Experiments show that when a charged conductor is placed in contact with the inside of a hollow conductor, all the charge on the charged conductor is transferred to the hollow conductor. In principal the charge on the hollow conductor and and its electric potential can be increased without limit by repetition of the process
May I know the reason for this? Will this be possible even if the potential of the hollow space is less than potential of the conductor?
When the charges are on the belt they feel a repulsive force due to the electric field produced by the dome of the VdG.
Whatever is driving the belt is doing work and this results in the potential of the charges increasing as they move towards the dome.
Once inside the dome the charges on the surface of the dome no longer repel the charges on the belt.
A charge on the belt only feels the repulsive force of the other charges on the belt and so moves away from them until that force (due to the charges on the belt) becomes zero and that occurs when the charge is on the outer surface of the dome.

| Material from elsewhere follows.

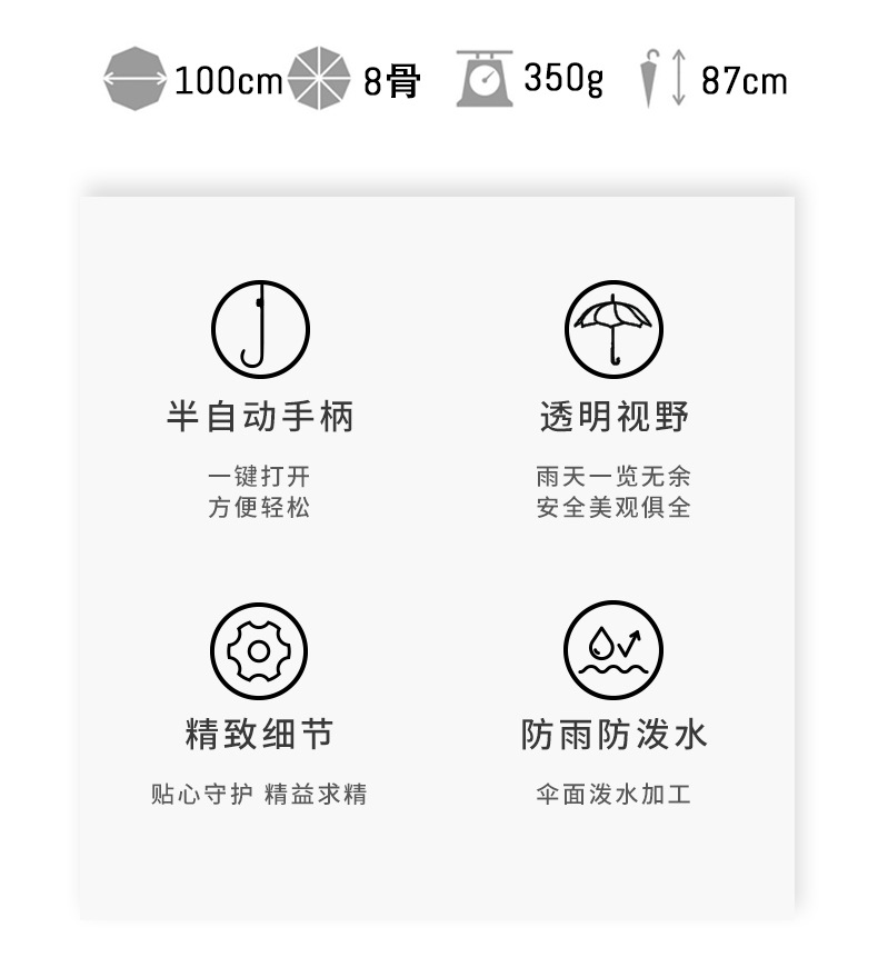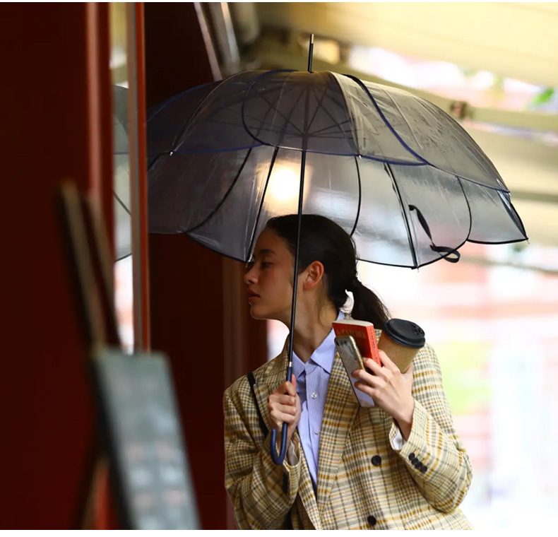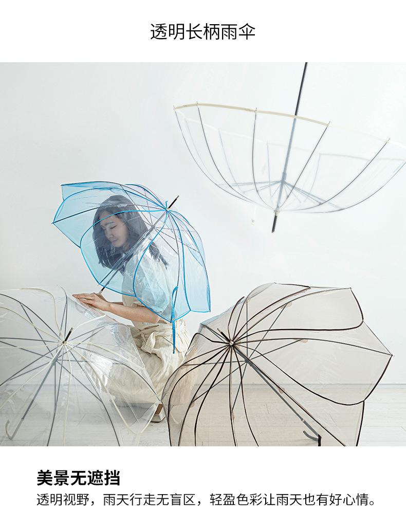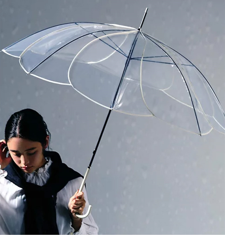 transparent umbrella 8 bone petals creative thickening straight umbrella ultra-light boys and girls japanese fresh automatic transparent umbrella

The electric field inside the sphere of a Van de Graff generator is zero (apply Gauss's law). Electrons on a rubber belt are carried into the sphere where they repel each other and jump to a nearby conductor which takes them to the surface of the sphere. The voltage limit is determined by the size of the sphere and the surrounding atmosphere. As I recall, the machine I worked with (back in the fifties at MIT) had a sphere a couple of meters in diameter which was mounted in a tank of dry nitrogen. (The tank stood about 3 stories high.) It sustained a potential of several million volts. A much smaller Van de Graff provided a one mega-volt beam of electrons for the synchrotron. Its cylindrical tank was about 2x4 meters.